Anti-Neuroinflammatory Effects of Ginkgo biloba Extract EGb 761 in LPS-Activated BV2 Microglial Cells

Lu Sun  1 Matthias Apweiler  1 Ashwini Tirkey  1 Dominik Klett  1 Claus Normann  2 Gunnar P H Dietz  3 Martin D Lehner  4 Bernd L Fiebich  1
Affiliations

Anti-Neuroinflammatory Effects of Ginkgo biloba Extract EGb 761 in LPS-Activated BV2 Microglial Cells

Lu Sun et al. Int J Mol Sci. .

Abstract

Inflammatory processes in the brain can exert important neuroprotective functions. However, in neurological and psychiatric disorders, it is often detrimental due to chronic microglial over-activation and the dysregulation of cytokines and chemokines. Growing evidence indicates the emerging yet prominent pathophysiological role of neuroinflammation in the development and progression of these disorders. Despite recent advances, there is still a pressing need for effective therapies, and targeting neuroinflammation is a promising approach. Therefore, in this study, we investigated the anti-neuroinflammatory potential of a marketed and quantified proprietary herbal extract of Ginkgo biloba leaves called EGb 761 (10-500 µg/mL) in BV2 microglial cells stimulated by LPS (10 ng/mL). Our results demonstrate significant inhibition of LPS-induced expression and release of cytokines tumor necrosis factor-α (TNF-α) and Interleukin 6 (IL-6) and chemokines C-X-C motif chemokine ligand 2 (CXCL2), CXCL10, c-c motif chemokine ligand 2 (CCL2) and CCL3 in BV2 microglial cells. The observed effects are possibly mediated by the mitogen-activated protein kinases (MAPK), p38 MAPK and ERK1/2, as well as the protein kinase C (PKC) and the nuclear factor (NF)-κB signaling cascades.
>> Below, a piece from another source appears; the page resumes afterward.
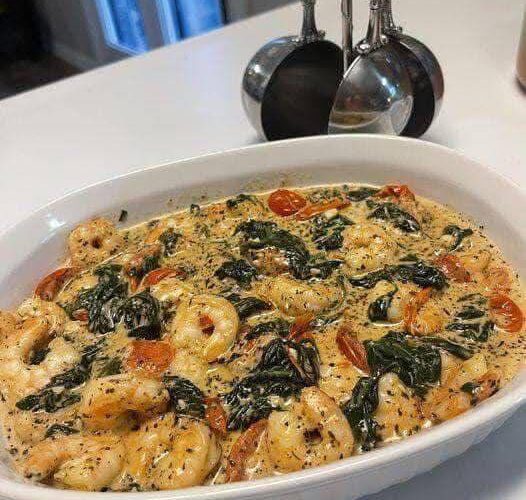 This dish features succulent shrimp in a rich, flavorful sauce made with garlic, butter, cream, and Parmesan, with fresh spinach adding color and nutrients. Serve it over pasta, rice, or with crusty bread to soak up every drop of the sauce.
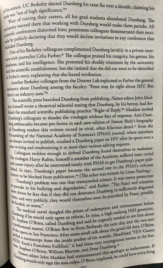 I was under the assumption that Dr Wolfgang Wodarg was the first to experience this type of high level assault, after he challenged WHO’s pharmaceutical corruption during Swine Flu in 2009. Actually Professor Duesberg preceded Wodarg by more than a decade. He was described as “among the world’s most known and respected scientists” until he dared to challenge Dr Fauci. This is how the Covid Cancel Culture evolved. From the power of a criminal gangster.

The findings of this in vitro study highlight the anti-inflammatory properties of EGb 761 and its therapeutic potential, making it an emerging candidate for the treatment of neuroinflammatory diseases and warranting further research in pre-clinical and clinical settings.

Keywords: EGb 761; MAPK pathway; NF-κB pathway; chemokines; cytokines; microglia; neuroinflammation.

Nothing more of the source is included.